Cleveland Bible College v. Board of Tax Appeals

I am convinced that the decision of the Board of Tax Appeals *Page 259 is the result of what, from the record at least, appears to be an inadvertent answer and a confusion of a prior application for exemption which was properly denied on the ground that admission to the college was then limited to Christians.

I maintain that the record clearly discloses that admission to the college (junior or senior) is not limited to Christians.

The Cleveland Bible College is accredited with the State Department of Education to issue degrees. The college itself has three programs of study: (1) a four-year program which results in the degree of Bachelor of Theology; (2) another four-year course which results in the degree of Bachelor of Sacred Music; and (3) a two-year course which is a junior college course that offers a liberal arts education. The first two years of each of these three courses are practically the same and credit therefor is accorded to students transferring to other accredited colleges. The college is open to the public, to all graduates of an accredited high school regardless of race, color or religion, subject only to the ability of the college to take care of its applicants. Among the students are some who have indicated no denominational affiliation.

The Bachelor of Theology degree is not a requirement of any church; it is simply a degree offered by the school and recognized by churches.

The stumbling block in this case has been the answer of the business manager to the question of the examiner as follows:

"Q. And it wouldn't be necessary that a man necessarily be a Christian to go to school here? A. Not under the junior college setup."

The record shows that seventeen denominations were represented in the student body, that the college is open to any one regardless of religious belief and regardless of whether he has any belief at all. Near *Page 260 the close of the journal entry of the Board of Tax Appeals it is said:

"While the testimony of Reverend Marvin A. Leist is that the college is open to anyone regardless of religious belief and further that they have students who have indicated no denominational affiliation or anything, yet to the last question of Examiner Kirwin to Reverend Leist, he testified that it would not be necessary for a student to be a Christian to enter the junior college.
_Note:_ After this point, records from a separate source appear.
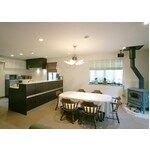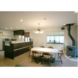 開放的なL字型キッチンは、収納たっぷりで余計な家具も不要になり、すっきりとした空間に。ダイニング側からは高めのカウンターで、テーブルを囲む家族の目線をさえぎりつつ、会話もはずむオープンなデザイン。お友達を呼んでのティーパーティーも楽しめます。珪藻土の白い壁や、アンティーク調のインテリアにあわせて、落ち着いた木目調をトータル・コーディネート。お客様こだわりの暖炉もセットして、ナチュラルなカントリーライフに大変身。インテリアもモダンなシャンデリア風の照明、室内のどこからでも良い音が聞けるステレオスピーカーなど、随所にこだわりとセンスが光ります。もちろん暖炉は使用できるので、暖炉の暖かさの中、ゆったりとした家族団らんの冬が過ごせそうです。
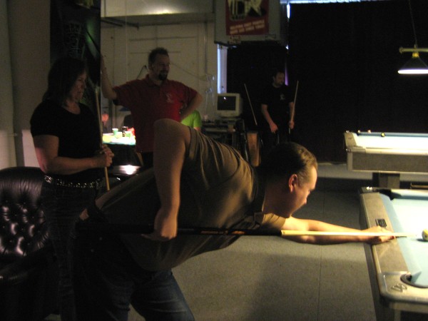 | Ei sittenkään niin perinteistä ystävyysottelua 15.09.2012Kun Pyhäjärven Siimaseuran pelipaikkaa ja sen ensimmäistä pool-pöytää kasattiin vuonna 2005, oli mestarina pitkän linjan biljardimies Harri "Hepsu" Hepo-oja. Hänen kaverinsa Iiro Leppänen viimeisteli ns. vallikumien päätylaput, kun taas "Hepsu" hoiti varsinaisen pöytäasennuksen. Tuolloin siimaseuralaisista oppipoikana oli etenkin Timo Leskinen, joka on sittemmin vastannut Siimaseuran pöytäremonteista. Pyhäjärven Siimaseura ry:n kotisaliksi vuosien saatossa muuttuneen kaksipöytäisen Pyhäjärven Siimaseuran pöytäremontti valmistui Pirkanmaan Pool-liigan sarjakauden 2012-2013 alla. Päätettiin kutsua vanhat pöytämestarit paikalle ja pelata perinteinen 9-pallokilpailu, jossa yhdistyksen liigajoukkueet ottavat toisistaan mittaa tasoituksin ja vierailevilla tähdillä vahvistettuina. Siimaseuran Säkittäjät vastaan muutAlun perin oli tarkoitus pelata 9-palloa tasoituksilla niin, että 2. divisioonan Siimaseuran Sankarit olisi kohdannut mestaruussarjan Siimaseuran Säkittäjät. Koska Teemu Miskala oli ainoa Sankarit-pelaaja, päätettiin pelata viidellä viittä vastaan Siimaseuran Säkittäjien kohdatessa muut. Muiden joukkueessa olivat Teemu (tasoitus 2), "Hepsu" (0) ja Iiro (2) sekä siimaseuralaiset Marja Lindén (2) ja Matti "Masa" Järvinen (2). "Hepsun" toiveesta pelimuoto olikin 10-pallo. Siimaseuran Säkittäjistä paikalla olivat Sami Saariahon johdolla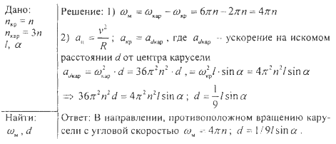 Ознакомьтесь с условием предыдущей задачи. Определите, с какой угловой скоростью и в каком направлении должен идти мальчик по карусели вокруг оси ее вращения, чтобы крыша относительно него оставалась неподвижной. На каком расстоянии от оси вращения расположены точки карусели, в которых центростремительное ускорение такое же, как и на краю крыши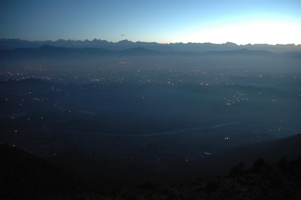 After a long break from posting in sajha I am back. I would like to share a picture I took on February 10, 2005 at 6:10 am from Hattiban ridge, overlooking the Kathmandu Valley.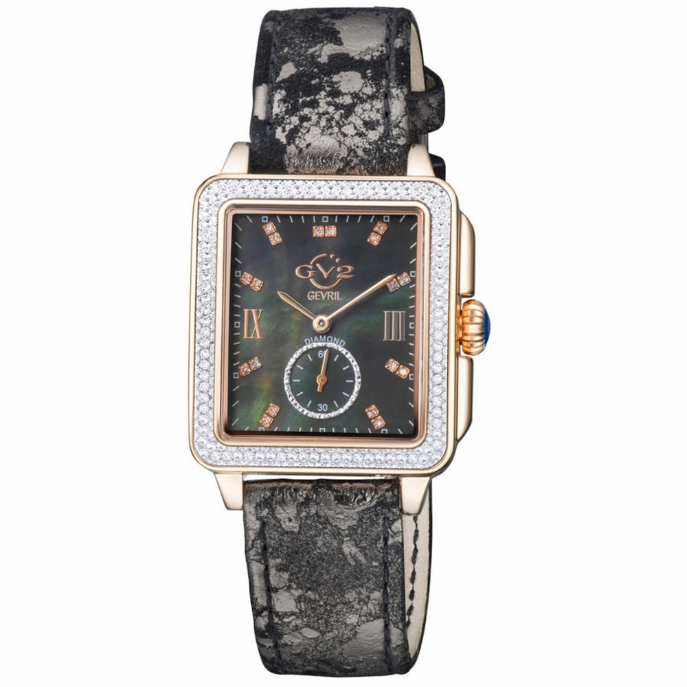 Rose gold-tone stainless steel case with a brown leather strap. Fixed rose gold-tone stainless steel bezel. Mother of pearl dial with rose gold-tone hands and Roman numeral & index hour markers. Minute markers around the outer rim. Dial Type: Analog. One subdial displaying: small second. Ronda Caliber 1069 quartz movement. Scratch resistant sapphire crystal. Pull / push crown. Solid case back. Rectangle case shape, case size: 34 mm, case thickness: 10.5 mm. Band width: 18 mm. Buckle clasp. Water resistant at 50 meters / 165 feet. Functions: hour, minute, small second. Bari Tortoise Series. Fashion watch style. Watch label: Swiss Movt. GV2 by Gevril Bari Tortoise Mother of Pearl Dial Ladies Watch 9250.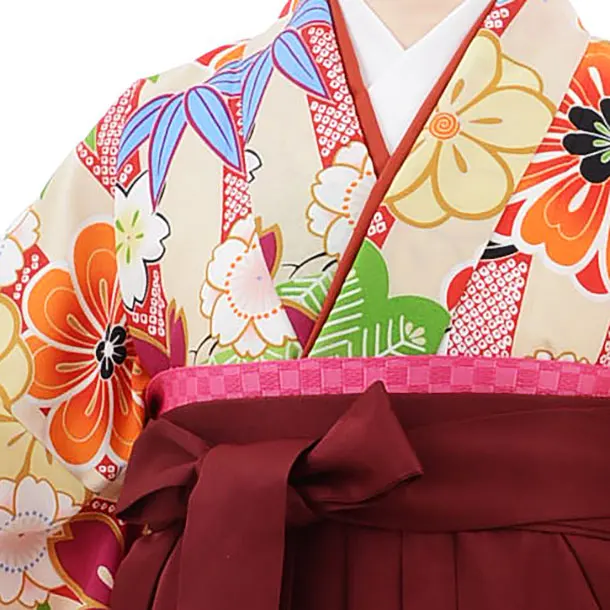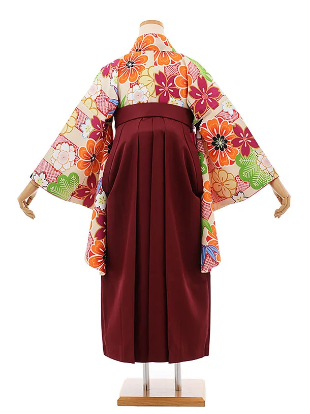 卒業袴レンタルh671 ベージュ地 梅桜 x エンジ袴

We are therefore lead to believe that a student who desires to enter the senior college of this institution must be a Christian and that an atheist or a Jew or a member of other religious beliefs would not be accepted as a student to this college and, therefore, that this college is not open to the public generally."

Except for the above answer of Reverend Leist we find no support in the record for the board's deduction. To the contrary, the record is clear that the college (both junior and senior) is open to all. During the oral argument counsel for appellant stated categorically that for admission to the junior college as well as to the third and fourth years, there was no requirement that an applicant for admission must be a Christian. A confusion was no doubt brought about through a former application for exemption which was refused. After a prior application for exemption was refused the college amended its constitution by deleting therefrom three paragraphs which required for admission "genuine Christian experience" and a recital that "experience has taught that it is beneficial neither to pupil nor institution to admit students whose habits of life and Christian character were not established," and, "(3) Those not willing to conform to the usage of the college are not desirable."

According to the record there were no such conditions for admission existing at the time the instant case was heard or when the application for exemption *Page 261 was made. I agree with the attorney for appellant in the closing paragraph of his brief wherein he says that:

"Appellant is an institution of learning, open to the public generally, offering to the public a general education, not operating with a view to profit, and it is therefore entitled to tax exemption."

I see no reason for criticism of any of our earlier cases. Here we have a request for exemption from an institution of learning which is open to all. If the record has been wrongly interpreted in this case it may be corrected upon a later application. (Paragraph one of the syllabus in the case ofPfeiffer et al. v. Jenkins et al., 141 Ohio St. 66,46 N.E.2d 767.)

I agree that the decision of the Board of Tax Appeals is unreasonable and unlawful and should be reversed.

HART, J., concurs in the foregoing concurring opinion.